A great deal of omnipresent but unused attributes was turned off
to speed up processing. If required they can be added at any
time, but currently they just would take time and space and not
give anything at all in return. (Although I just noticed they
have been turned on again. Perhaps it doesn't make a difference
in libxml2 ...)
Finally, in some cases - there was one at the very beginning when
we started using DocBook - an extension is necessary. The case
I'm referring to was the lack of a PNG notation for images. The
DocBook technical committee had agreed to add it, but since we
really needed the PNG notation (concerning the GIF patent
issues), we could not wait for the new release of the DTD. In
such case, I find it entirely acceptable to turn the
customisation temporarily into an extension. (Among others since
in the following release the extension isn't one anymore.)

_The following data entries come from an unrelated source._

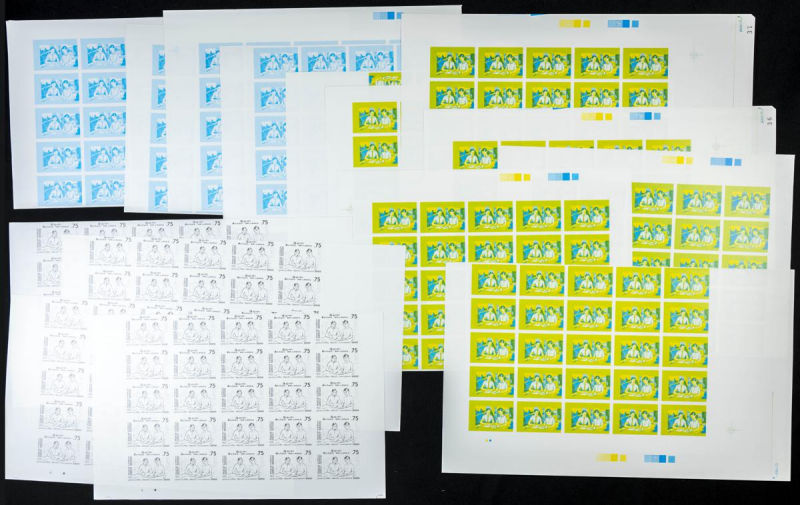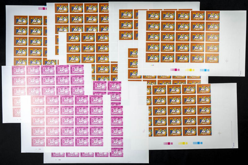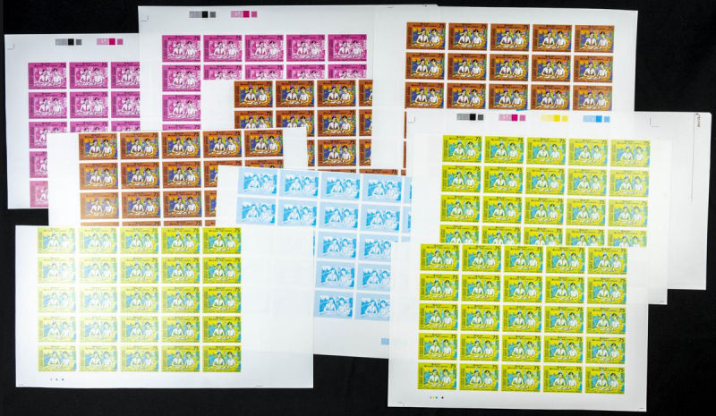 |**|Yvert B4. 1971. Daily life. Group of progressive plate proofs of the set. TO EXAM. Description of lots is limited to the cataloguing of the stamps and their characteristics. The total of the material included in each case is
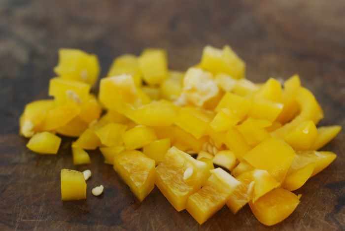 パプリカを1/4程度切り出し、玉ねぎと同程度の大きさにさいの目切りします。パプリカはピーマンよりも肉厚で甘みが強いため、ベーコン料理にとてもよく合います。もちろん赤パプリカを使っても構いません。
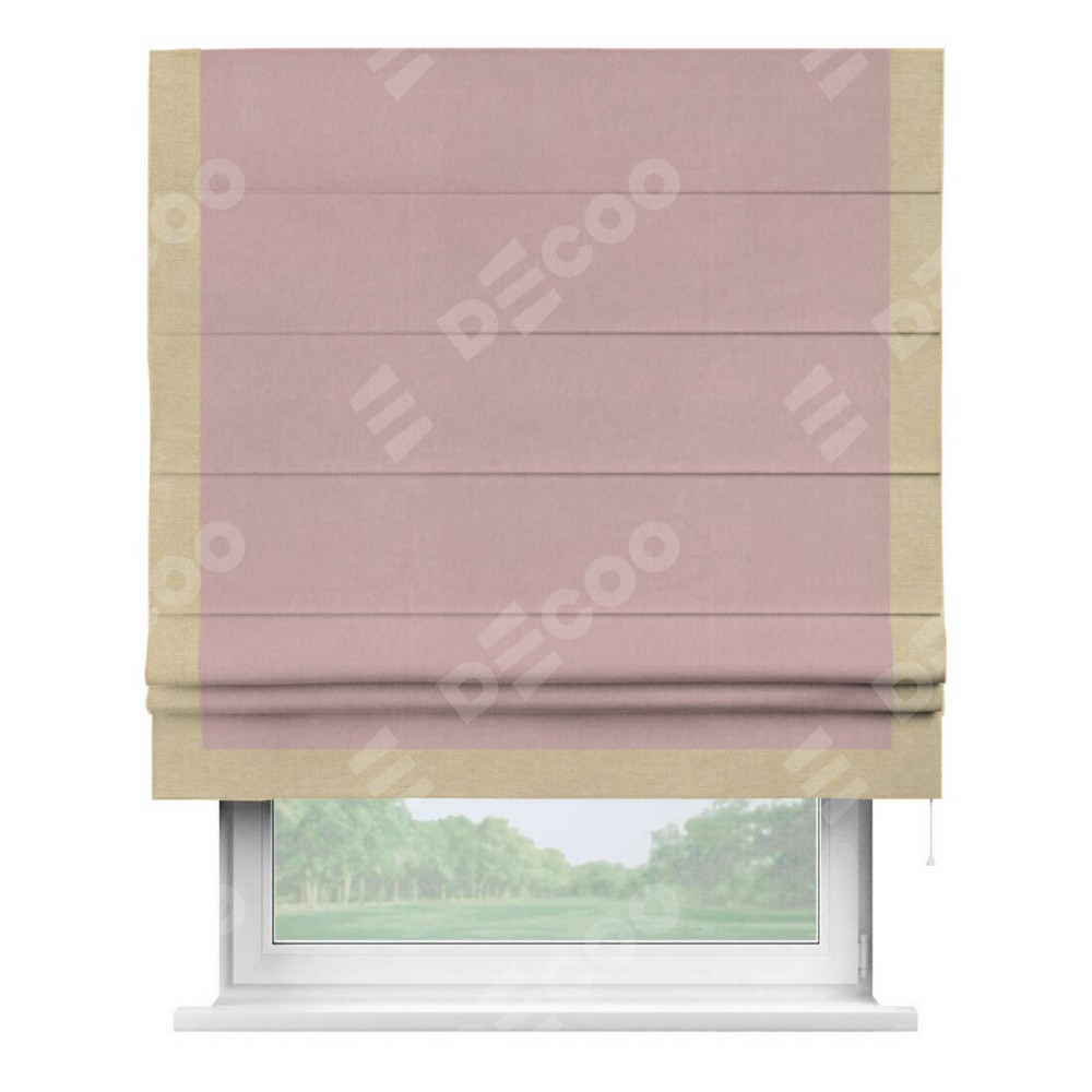Римская штора производителя «Cortin», используется для проёма, пошита из ткани вельвет розовая пудра, артикул ткани 14132. Отделка шторы кантом «Виктория», ткань для канта используется из вельвета разной расцветки на выбор. Имеет универсальный механизм и подходит для монтажа: на потолок, на стену и в нишу.
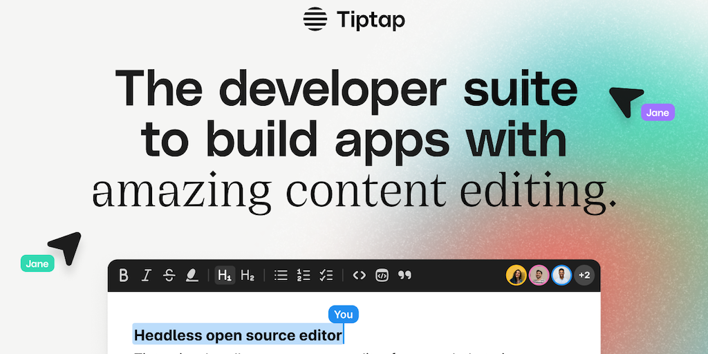 Tiptap is a suite of open source content editing and real-time collaboration tools for developers building apps like Notion or Google Docs. It’s used by thousands of businesses worldwide, including Gi
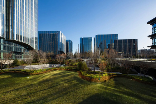 在硬件建設方面,金隅智薈中心總建筑規模約41萬平方米,擁有12棟國際化高品質寫字樓,能夠滿足不同規模科技企業的發展需求。項目由世界頂尖機構凱達環球負責規劃設計,以世界一流水準,打造高標準商務科技空間,充分體現了“融入自然、和諧共生”的綠色創新理念,營造出花園式生態辦公場景,提升了區域的整體辦公載體品質。
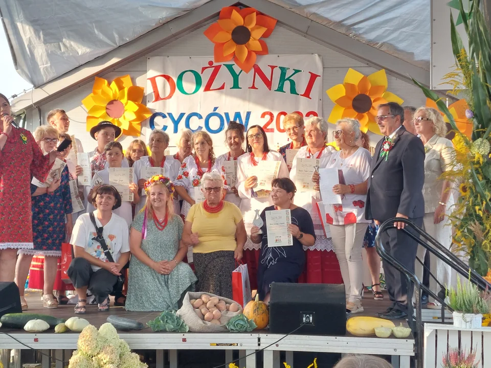 - Za dobre zbiory dziękowali wraz z nimi samorząd oraz zaproszeni goście. Były konkursy, koncerty i degustacje, a wszystko przy prawdziwie letniej pogodzie. Główną część uroczystości niedzielnych rozpoczęła msza w intencji rolników oraz poświęcenie wieńców dożynkowych. Po zakończeniu liturgii korowód przeszedł na plac Gminnego Targowiska „Mój Rynek” w dożynkowym korowodzie – informuje Gminny Dom Kultury w Cycowie.
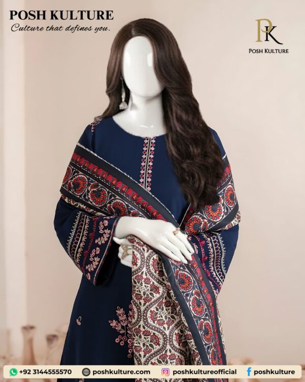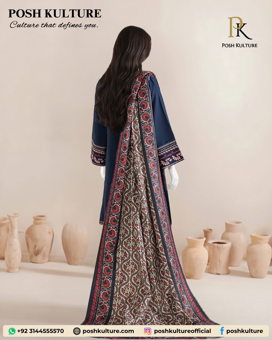 This elegant ensemble features a navy blue dhanak suit. The shirt front is fully adorned with embroidery, and the sleeves showcase heavy embroidered work. The outfit is completed with embroidered trouser. The suit is paired with a premium soft wool shawl that features a beautiful printed, multicolor design, prominently displaying black, red, and beige tones.
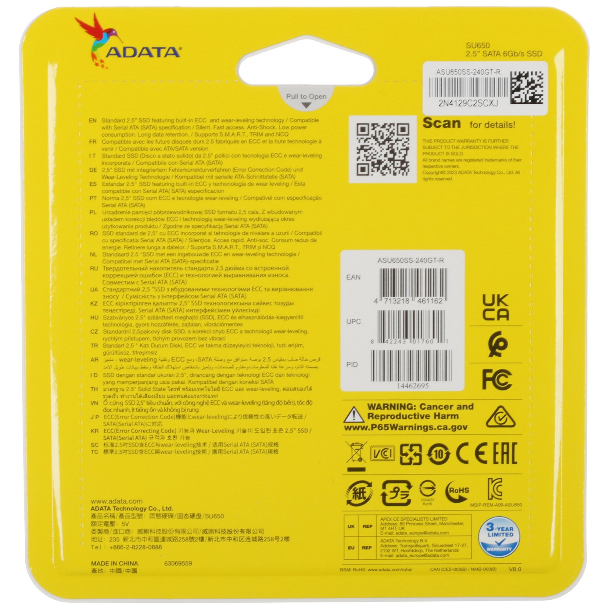 Накопитель SSD ADATA SU650, 240Gb, SATA III, 2.5", R/W 520/450
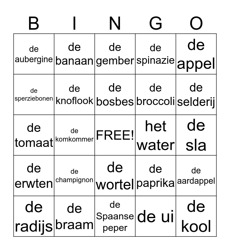 This bingo card has a free space and 24 words: de champignon, de braam, de bosbes, de radijs, de appel, de aubergine, de sperziebonen, de banaan, het water, de wortel, de broccoli, de tomaat, de paprika, de aardappel, de knoflook, de ui, de sla, de gember, de selderij, de komkommer, de kool, de erwten, de spinazie and de Spaanse peper.
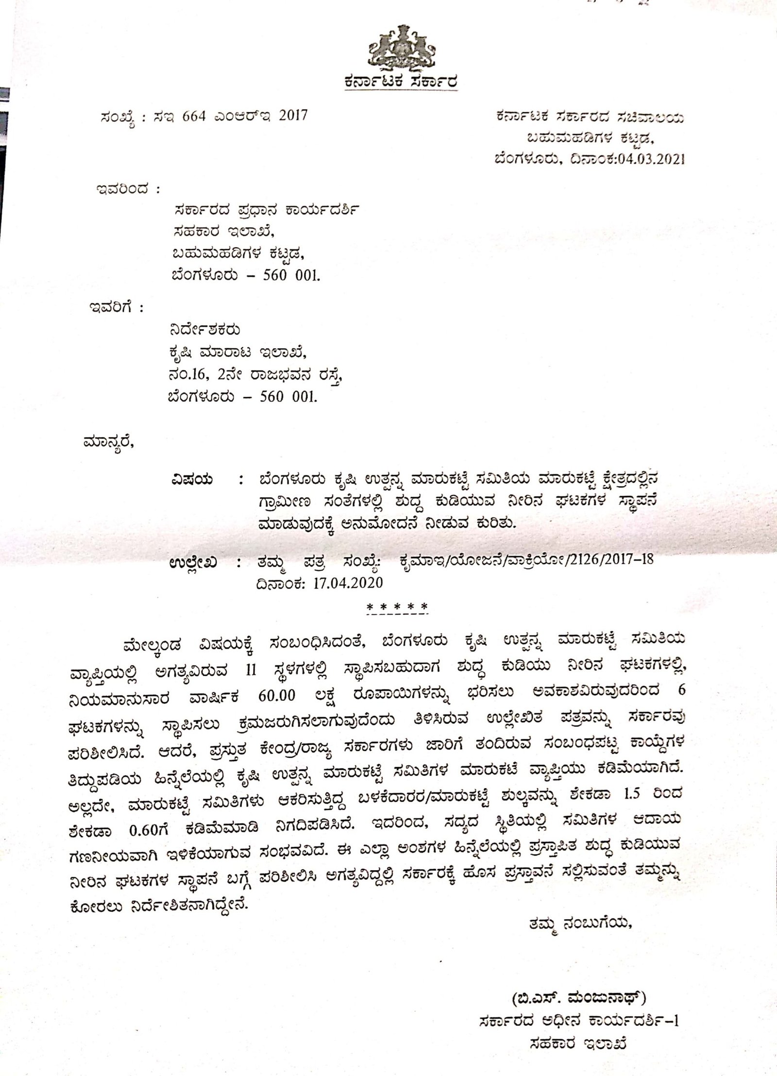 ಬೆಂಗಳೂರು ಕೃಷಿ ಉತ್ಪನ್ನ ಮಾರುಕಟ್ಟೆ ಸಮಿತಿ ವ್ಯಾಪ್ತಿಯಲ್ಲಿ 11 ಸ್ಥಳಗಳಲ್ಲಿ ಶುದ್ಧ ಕುಡಿಯುವ ನೀರು ಘಟಕಗಳನ್ನು ಸ್ಥಾಪಿಸಲು ಕೃಷಿ ಮಾರಾಟ ಇಲಾಖೆ ಪ್ರಸ್ತಾವನೆ ಸಲ್ಲಿಸಿತ್ತು. ಈ ಘಟಕಗಳಿಗೆ ನಿಯಮಾನುಸಾರ ವಾರ್ಷಿಕ 60.00 ಲಕ್ಷ ರು. ಭರಿಸಲು ಅವಕಾಶವಿದೆ. ಆದರೆ ಎಪಿಎಂಸಿ ಕಾಯ್ದೆಗೆ ತಂದಿರುವ ತಿದ್ದುಪಡಿಯು ಘಟಕಗಳ ಸ್ಥಾಪನೆಗೂ ಅಡ್ಡಿಯಾಗಿರುವುದು ಸಹಕಾರ ಇಲಾಖೆ ಬರೆದಿರುವ ಪತ್ರದಿಂದ ತಿಳಿದು ಬಂದಿದೆ.
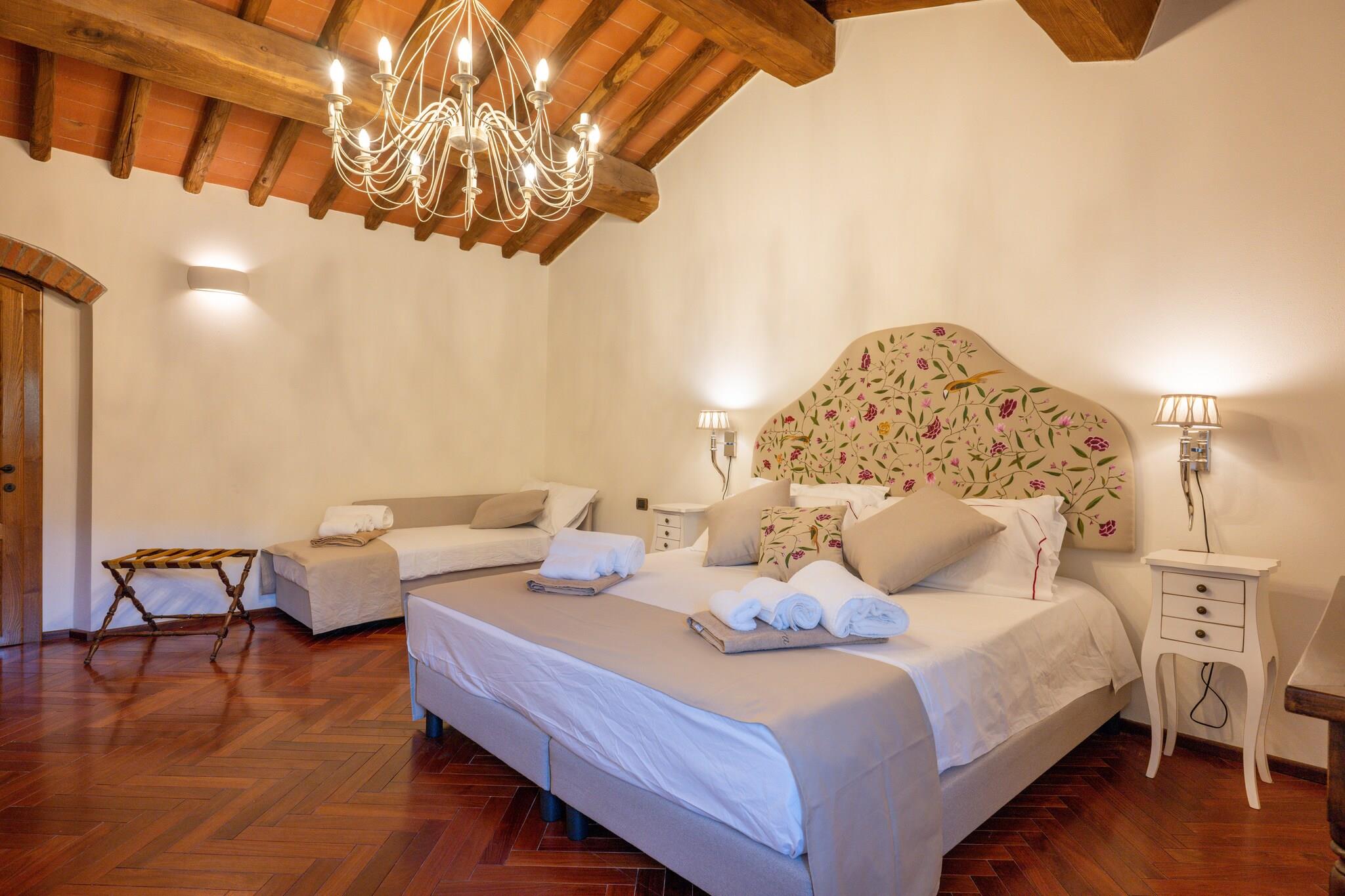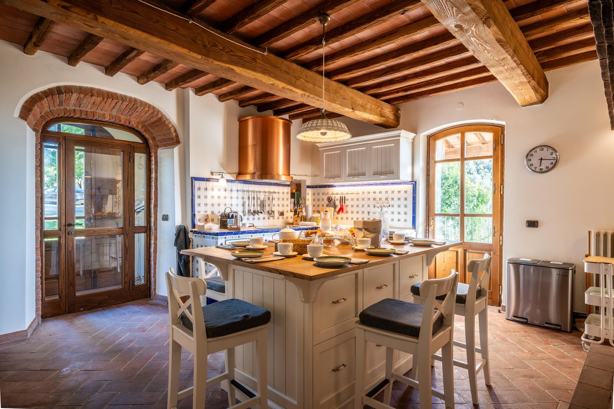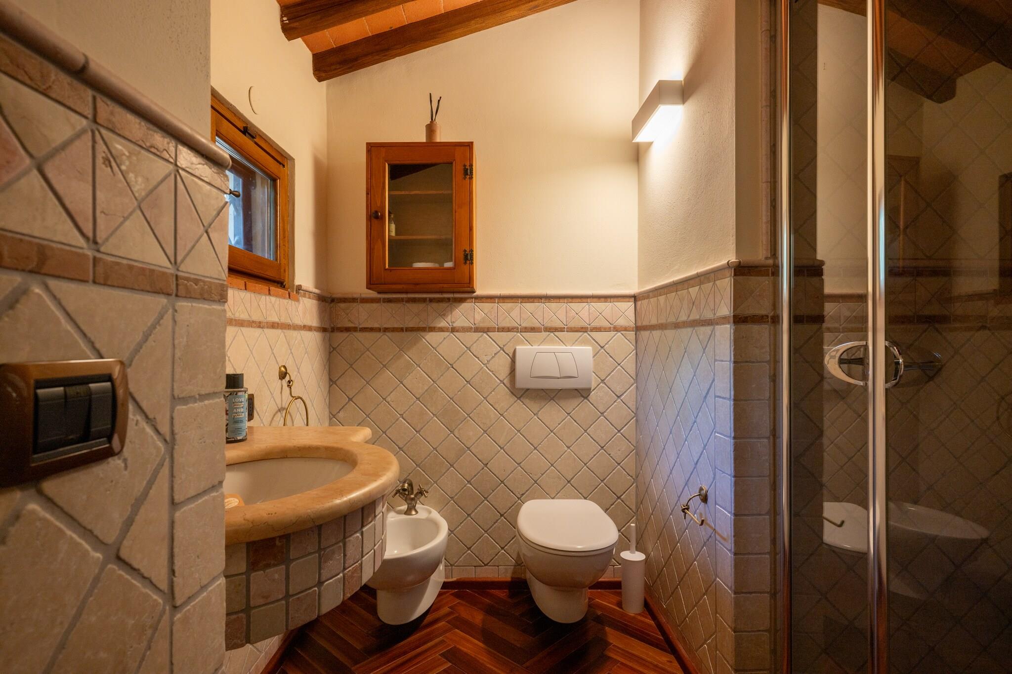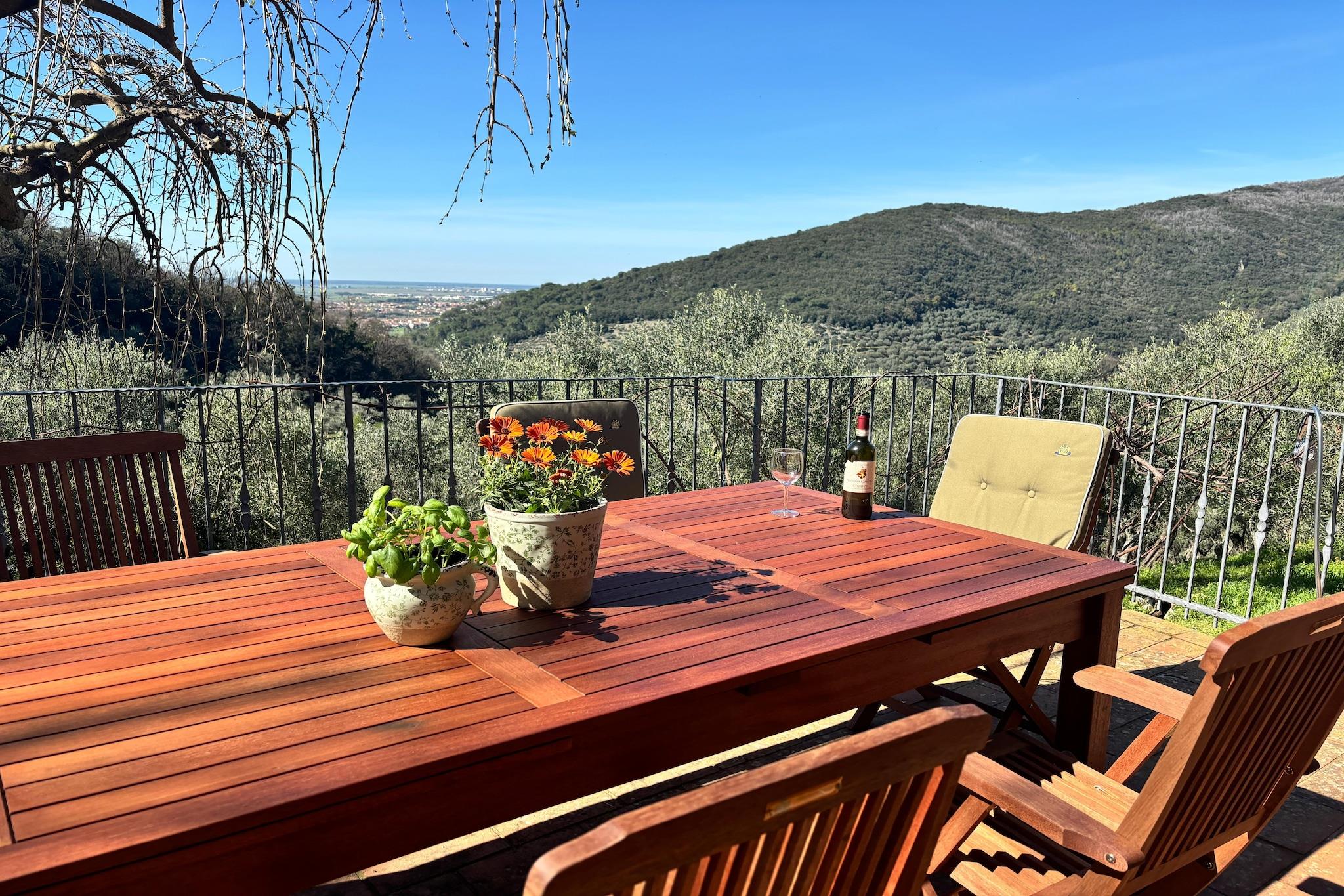 Tenuta del Serra - Luksuriøs toscansk villa midt i olivenlunde Oplev freden og skønheden i det toscanske landskab. Tenuta del Serra er en smuk, nyrenoveret ferievilla beliggende i hjertet af Toscana, midt i frodige olivenlunde. Her vil du opleve det ægte Italien: stilfuldt, smagfuldt og i fuldstændig harmoni med naturen. Villaen har plads til 8 gæster (en 9. seng er tilgængelig efter anmodning) og kombinerer traditionel toscansk arkitektur med moderne bekvemmeligheder. Et nyindrettet hjem med karakter, kærligt vedligeholdt ned til mindste detalje. Indenfor finder du en indbydende spisestue, en hyggelig stue og en autentisk "cantina" (vinrum), hvor du kan opdage og købe lokale vine. Det rummelige køkken er fuldt udstyret - med ovn, komfur, mikrobølgeovn, køleskab, opvaskemaskine og kaffemaskine - og inviterer dig til at lave mad, drikke og nyde sammen. Fra køkkenet træder du direkte ud på den udendørs terrasse, hvor en betagende udsigt venter. Alle soveværelser er rummelige, stilfuldt møblerede og har aircondition. Hvert værelse har sit eget moderne badeværelse med bruser, håndvask, toilet og bidet - privatliv og komfort garanteret. Udenfor venter den private pool med soldæk på dig. Omgivet af græs, komfortable liggestole og skyggen fra gamle oliventræer er det det perfekte sted at slappe af. Pergolaen og loungeområdet tilbyder kølende skygge på varme dage, og grillen og lysthuset er perfekte til lange sommeraftener under stjernerne. Den store olivenlund inviterer dig til at slentre rundt på grunden, og forskellige vandre- og mountainbike-stier omgiver villaen. Den maleriske by Vicopisano med sine snoede gader og middelalderlige tårne ligger kun en kort afstand væk. Firenze, Lucca, Pisa og Siena er også let tilgængelige. Tenuta del Serra er mere end bare et feriehus: det er et sted at slappe af, være sammen og opleve Toscana, når det er bedst.

To conclude, I am of the opinion that any documentation project
that takes itself seriously needs a customisation of some sort
(even if it only adds entities), but preferably a subset. The
standard DocBook DTD is just too general (lots of elements for
marking up legacy documents; lots of attributes that are not
needed/used), and the use of entities in KDE has proven to be a
great help in ensuring consistency of the documentation (e.g. in
application names and their markup).
Frederik Fouvry
PS: It has been decided to keep the old versions of the DTDs
around, at least for as long as binary compatibility of
kdelibs is required (never thought that DTDs might count as
binaries ;-), but possibly longer.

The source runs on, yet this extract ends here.